## EXERCISE INSTRUCTIONS
Look for the line containing "bably earlier, Katsena" and the line containing "Cette charmant tasse" in the entries below. Copy those two and all lines between them exactly, leaving out pictures.

++++++++++++++++++++

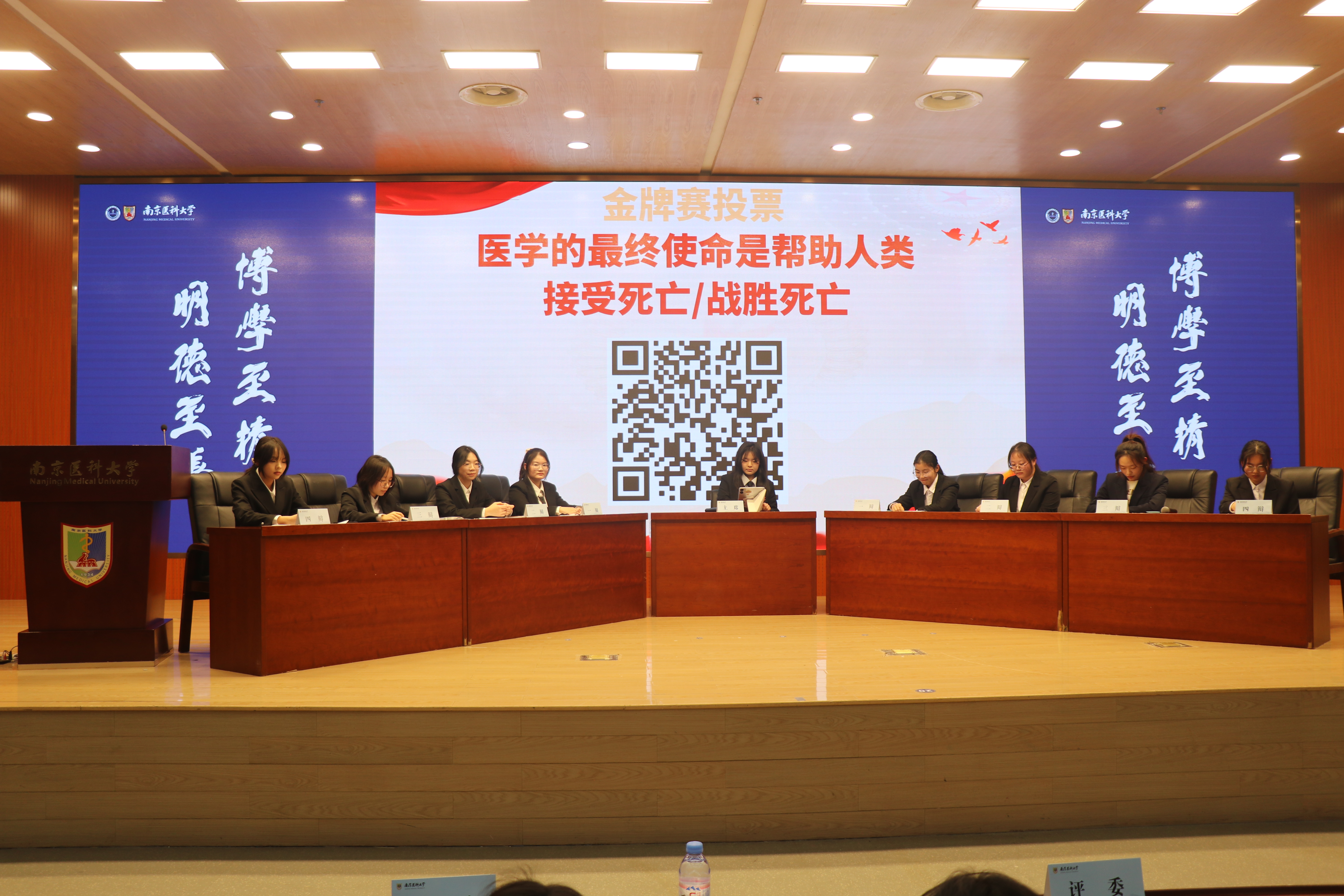 比赛分为铜牌赛与金牌赛两场。其中,铜牌赛紧扣“青马”育人主题,以“青年造就时代/时代造就青年”为辩题,引导同学们深入思考青年与时代的关系,增强使命意识与历史责任感;金牌赛则围绕“医学的最终使命是帮助人类接受死亡/战胜死亡”这一深刻议题,展开对医学本质与人文价值的探讨。辩手们逻辑严密、言辞犀利,既有理性分析的深度,也有情感共鸣的温度,现场气氛热烈,掌声不断。
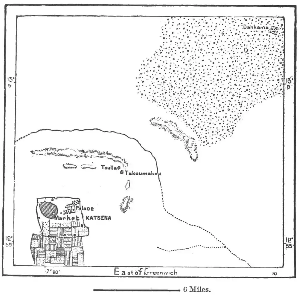 bably earlier, Katsena was a centre of civilisation frequented by strangers from all quarters, and at that time the kings, although nominally vassals of Bornu, were practically independent. They offered a heroic resistance to the Fulahs, the siege of the capital lasting from 1807 to 1814, and accompanied by a frightful famine, during which carrion birds, lizards, and snakes, were sold at exorbitant prices. After its capture the Fulahs showed no mercy to the inhabitants, and endeavoured to efface all traces of their ancient independence, burning the historical records and razing to the ground the town of Dankama, where the king had taken refuge after the siege.
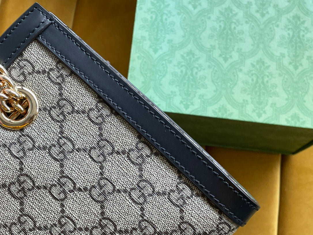 GG PADLOCK MEDIUM 26 SHOULDER BAG BEIGE CANVAS AND BLACK CALFSKIN
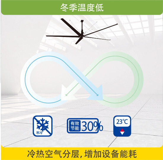 冬季很多大型场所使用空调等采暖设备,由于暖空气持续上升,在空间内形成气流分层,导致顶部温度较高,而下方人员依然感觉寒冷。使用zoty中欧体育官方网站节能大风扇,可将上下气流充分搅动,实现上下温度均衡,减少设备供暖时间,有效节省 30% 供暖能耗。
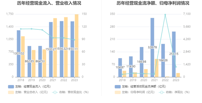 2023年,公司经营活动现金流净额为253.15亿元,同比增长37.38%;筹资活动现金流净额17.92亿元,同比减少296.09亿元;投资活动现金流净额-407.97亿元,上年同期为-468.36亿元。
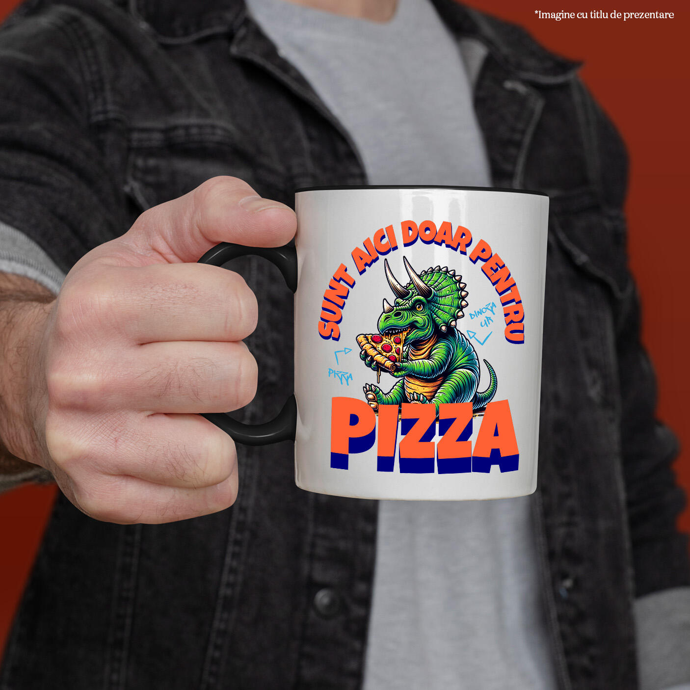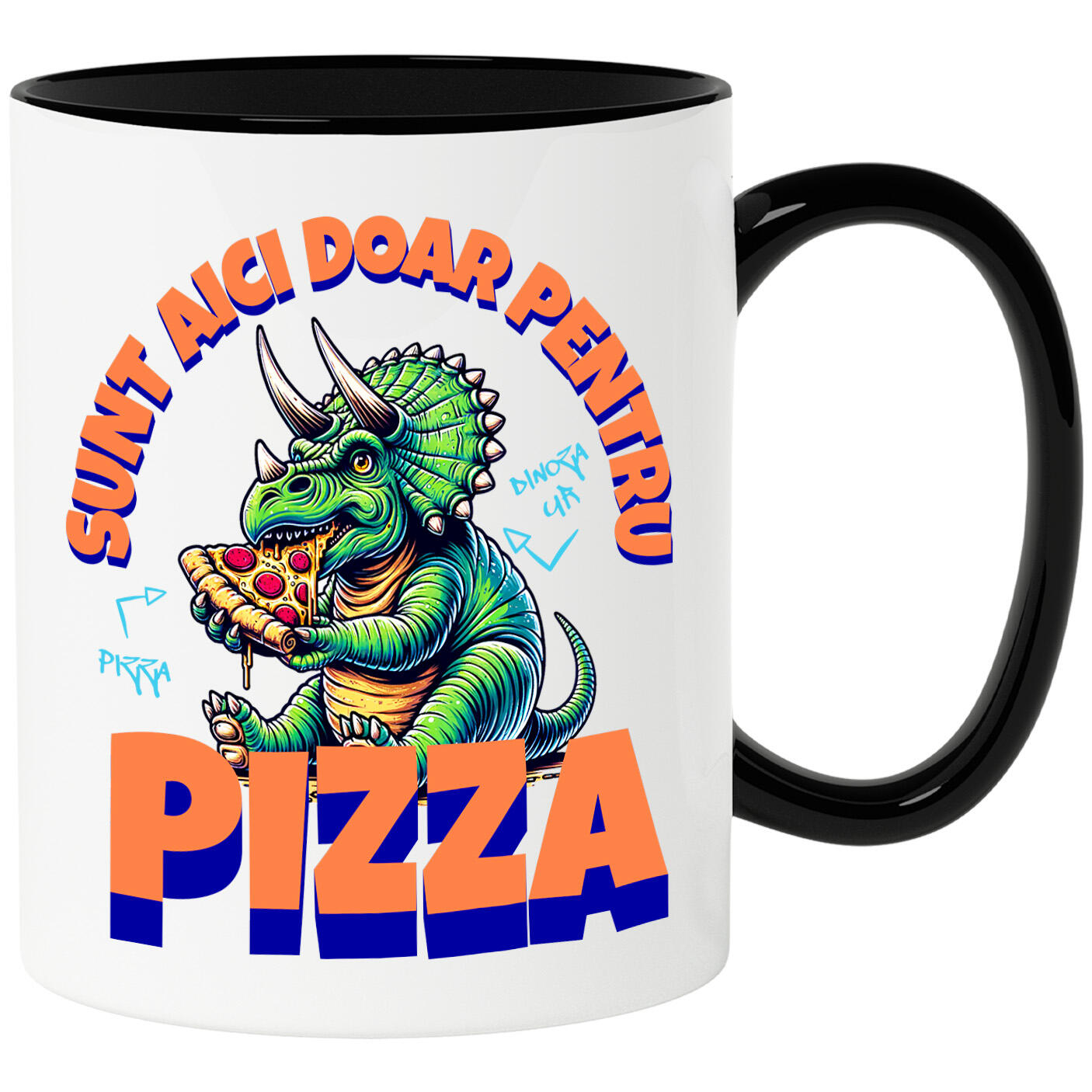 Cana Personalizata cu Dinozaur Verde Batran Cu Coarne Iubitor De Pizza Animal, Ceramica, 330ML, cu Maner Negru
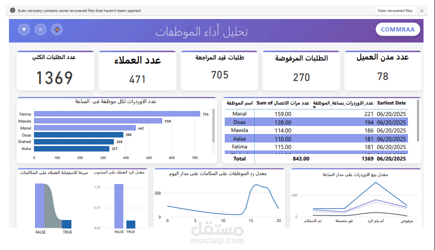 أداء مركز الاتصال، الطلبات، نشاط الموظفين، وسلوك العملاء.
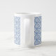 Cette charmant tasse de style jumbo est présentée en blanc avec un design d'impression damassé bleu. Customisez cet objet ou achetez tel quel.
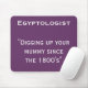 A purple Egyptologist mousemat with white text, reading "Digging up your mummy since the 1800's". I chose the 1800's because while people did study ancient Egypt before then, things didn't really take off until the 19th century when it suddenly became very popular.
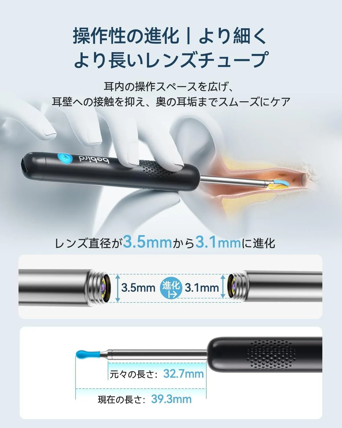 【業界最細クラス3.1mm極細レンズで快適操作】 第三世代R1は業界最細クラスの3.1mm極細レンズ採用。耳道内の操作スペースが広がり、挿入時の負担を軽減。さらに、チューブの長さを39.3mmにまで延長し、耳の奥までしっかり届く設計で、これまで見えなかった領域までくまなく観察できます。
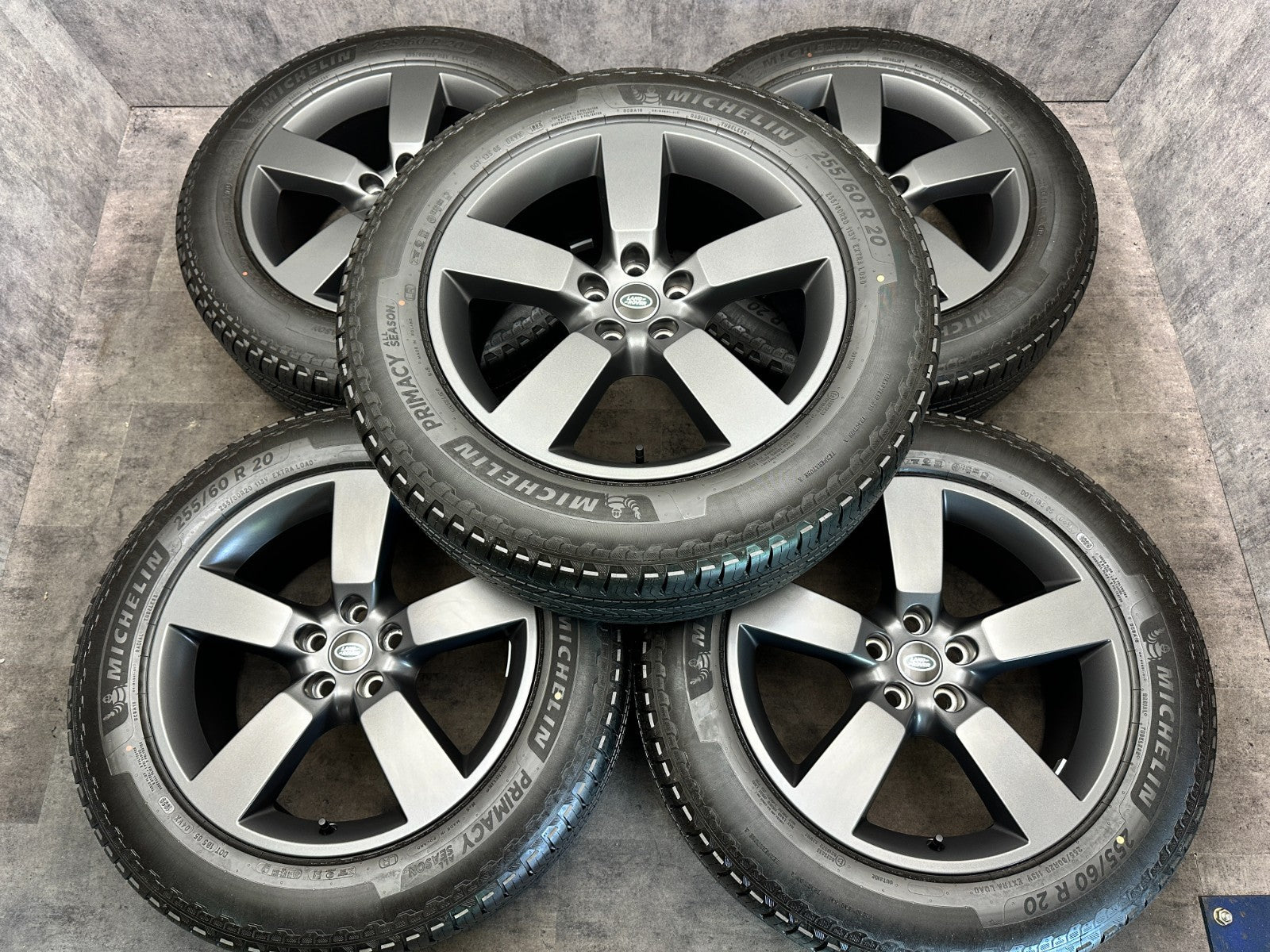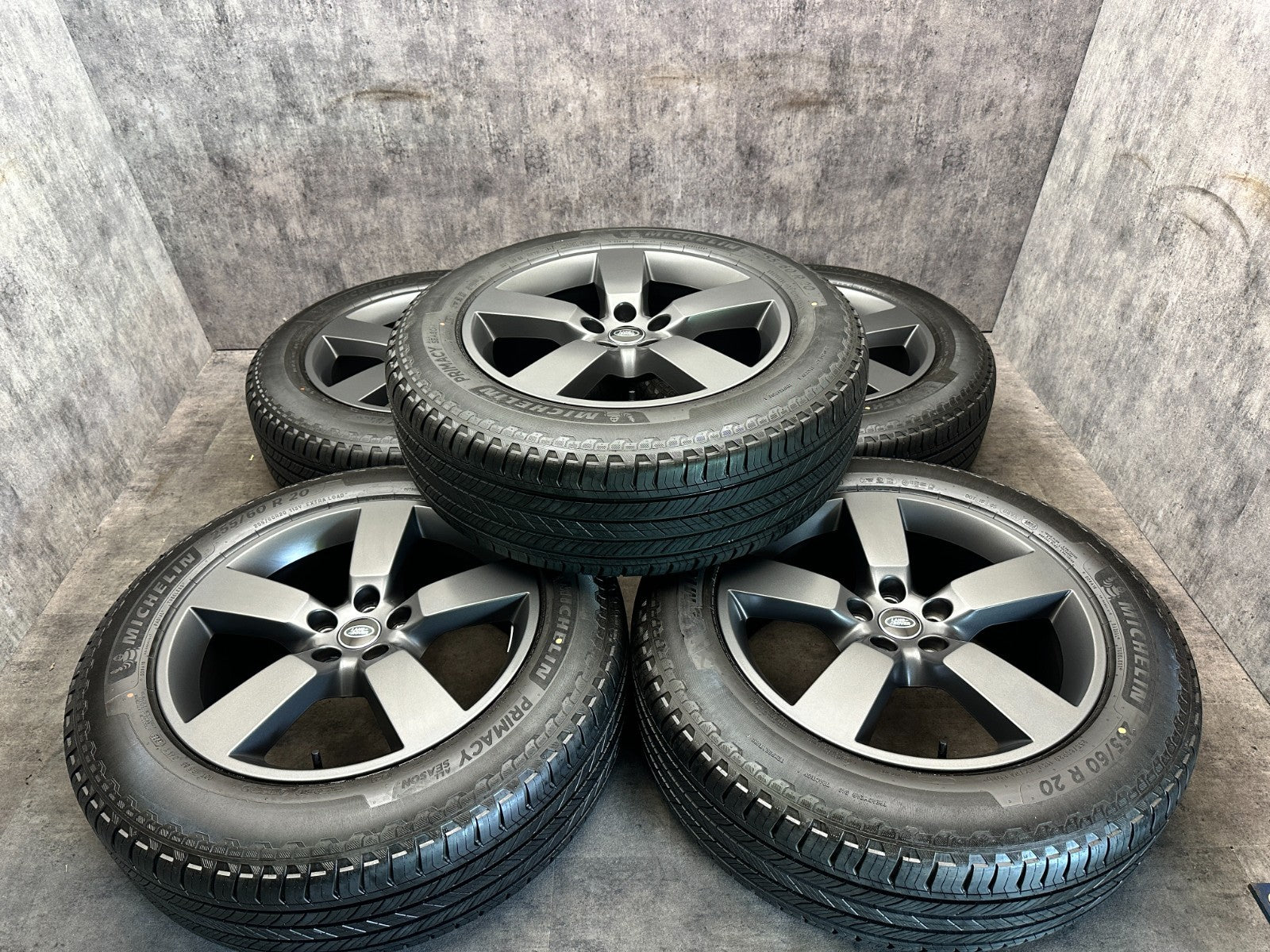set of 5 genuine 20" land rover L663 style 5098 alloy wheels fitted with michelin primacy tyres.

++++++++++++++++++++

## ANSWER TO THIS TASK
 bably earlier, Katsena was a centre of civilisation frequented by strangers from all quarters, and at that time the kings, although nominally vassals of Bornu, were practically independent. They offered a heroic resistance to the Fulahs, the siege of the capital lasting from 1807 to 1814, and accompanied by a frightful famine, during which carrion birds, lizards, and snakes, were sold at exorbitant prices. After its capture the Fulahs showed no mercy to the inhabitants, and endeavoured to efface all traces of their ancient independence, burning the historical records and razing to the ground the town of Dankama, where the king had taken refuge after the siege.
 GG PADLOCK MEDIUM 26 SHOULDER BAG BEIGE CANVAS AND BLACK CALFSKIN
 冬季很多大型场所使用空调等采暖设备,由于暖空气持续上升,在空间内形成气流分层,导致顶部温度较高,而下方人员依然感觉寒冷。使用zoty中欧体育官方网站节能大风扇,可将上下气流充分搅动,实现上下温度均衡,减少设备供暖时间,有效节省 30% 供暖能耗。
 2023年,公司经营活动现金流净额为253.15亿元,同比增长37.38%;筹资活动现金流净额17.92亿元,同比减少296.09亿元;投资活动现金流净额-407.97亿元,上年同期为-468.36亿元。
 Cana Personalizata cu Dinozaur Verde Batran Cu Coarne Iubitor De Pizza Animal, Ceramica, 330ML, cu Maner Negru
 أداء مركز الاتصال، الطلبات، نشاط الموظفين، وسلوك العملاء.
 Cette charmant tasse de style jumbo est présentée en blanc avec un design d'impression damassé bleu. Customisez cet objet ou achetez tel quel.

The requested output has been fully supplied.